Post vom Finanzamt…

…war in den vergangenen Jahren meist recht nett, denn einmal im Jahr war’s der Steuerbescheid, der kurz darauf in einer nicht ganz kleinen Rückzahlung auf dem Konto mündete.

In so fern hat mich der Brief heute schon gewundert. Aber, kein Problem, es war nur die Kfz-Steuer für 2008. Doch was sehen meine Augen? Das Finanzamt will mehr Geld von mir, da unser serienmäßig mit Partikelfilter ausgestattete Peugeot 307 SW angeblich nicht über einen Partikelfilter verfügt. Wie bringe ich das jetzt dem Finanzamt bei?

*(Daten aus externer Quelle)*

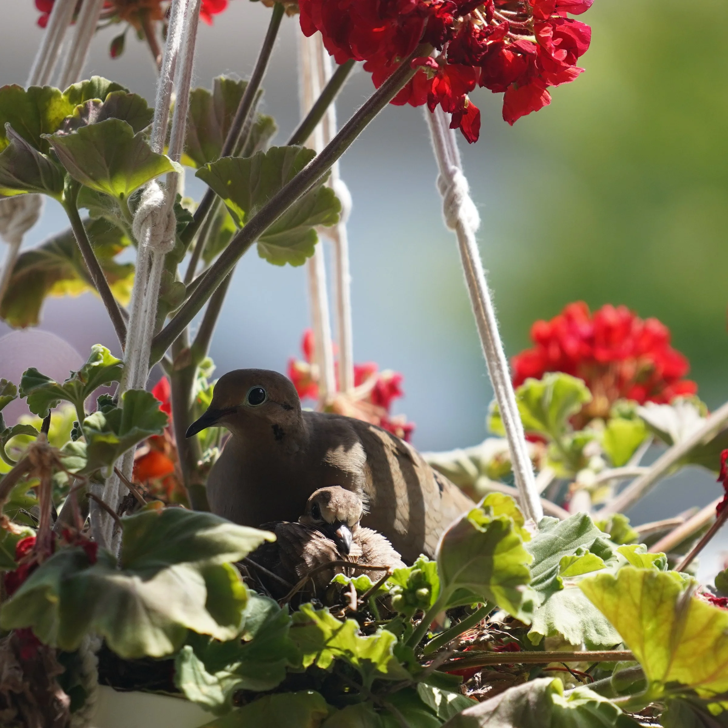 Mourning Dove, adult female and nestling in a Geranium sp. hanging basket, Genesee county, Michigan.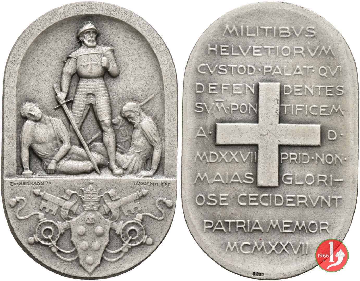 400° Resistenza Guardia Svizzera al Sacco di Roma-CM145 Obverse: Una guardia Svizzera in piedi di fronte tra due soldati caduti ai lati sotto la linea esergo: ZIMMERMANN SC. _ HUGUENIN FEC. in esergo: stemma Papale coronato da triregno e chiavi decussate | |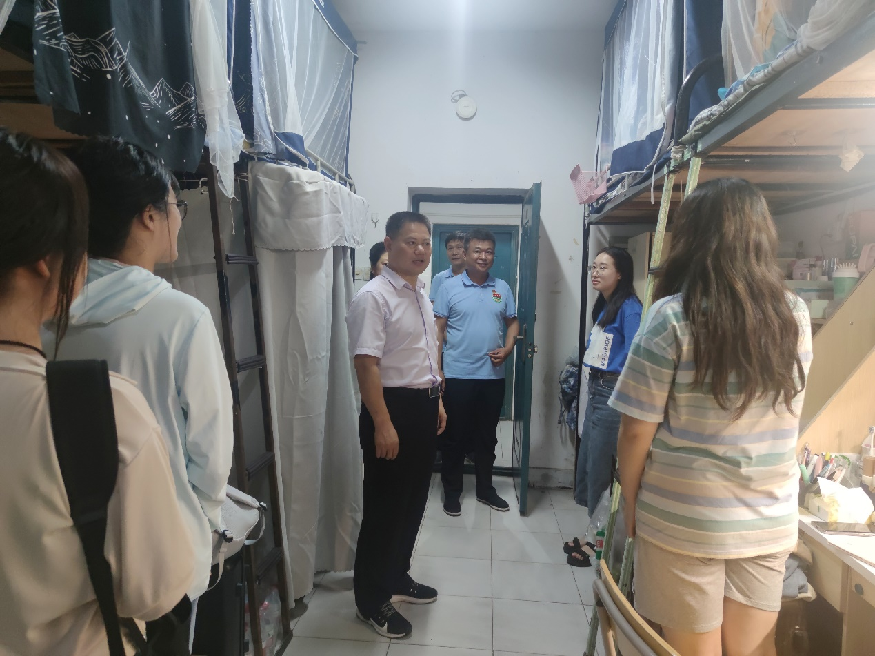为关心学生开学初的学习生活状况,2023年9月5日晚,校党委副书记蔡海生深入WilliamHill官网2021级学生宿舍走访慰问学生,学工部部长朱国海、副部长李海峰及WilliamHill官网党委副书记叶健陪同。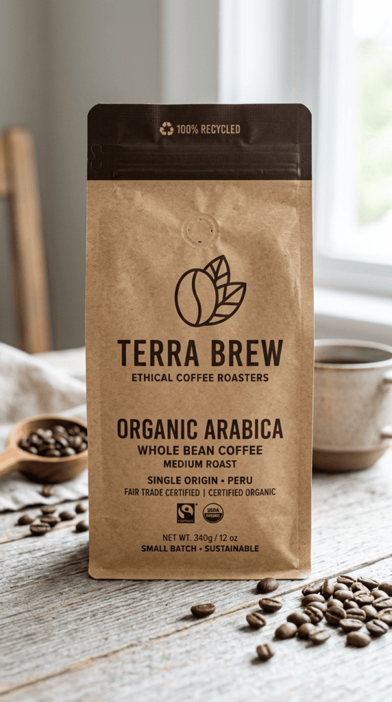フェアトレードの「エシカルコーヒー豆」用パッケージデザイン例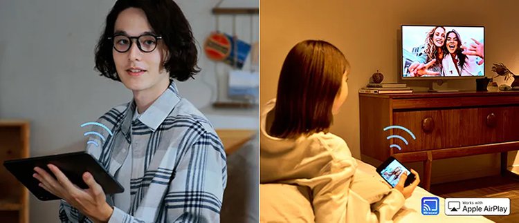 5W+5Wのステレオスピーカーを搭載し、立体感と臨場感あふれるサウンドが楽しめるという。AirPlay 2やMiracast対応によりスマートフォンやタブレットとのリンクが可能で、日常で撮影した写真や動画を大画面で楽しむことができる。
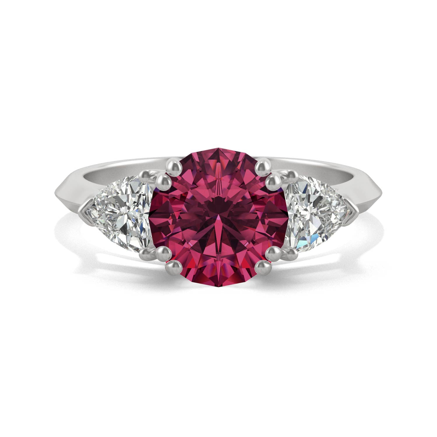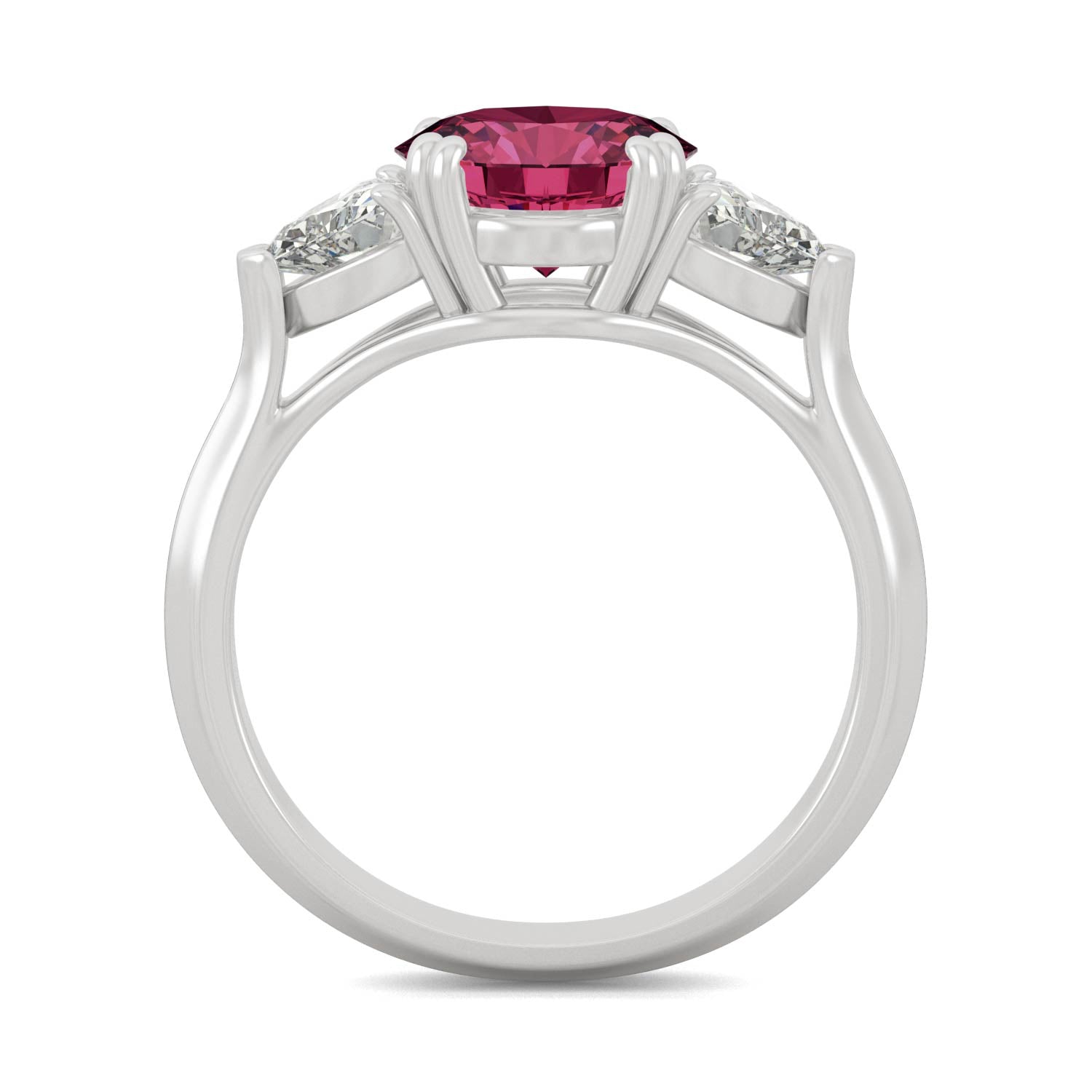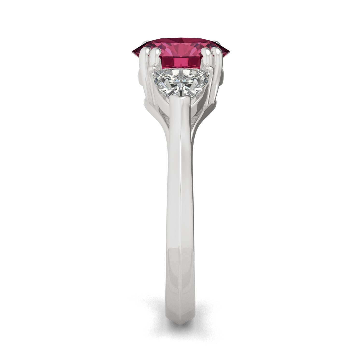 Behold the bold beauty of a brilliant round ruby beaming at the center of this ring. Flanked by trillion cut side stones that amplify the chic shine. Equally stunning as an engagement ring or a right hand ring.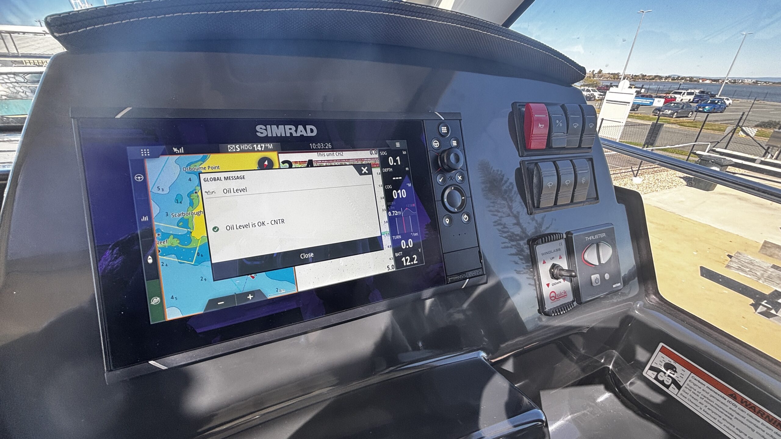 Navigation and electronics are comprehensive, featuring a Simrad NSS EVO3 9″ MFD with Active Imaging 3-in-1, Simrad AP44 autopilot, depth sounder, chartplotter and VHF radio. These systems provide reliability and ease of operation whether cruising coastal or offshore.

Ein erstes Googlen führt vor allem zu Peugeot-Diskussionsforen, alle haben das gleiche Problem, teilweise liegen die Beiträge schon fast ein halbes Jahr zurück. Na, dann müsste ja zumindest Peugeot bescheid wissen: Die Kundenhotline weiß auch was, zumindest so ein bisschen, man solle vom Händler eine Bestätigung holen, dass das Auto mit Partikelfilter ausgerüstet ist, zur Zulassungsstelle laufen, und dort den Eintrag ändern lassen. Irgendiwe umständlich. Außerdem wundert man sich bei Peugeot, dass man schon mehrfach die Daten geliefert hätte und immer noch nichts abgeglichen sei.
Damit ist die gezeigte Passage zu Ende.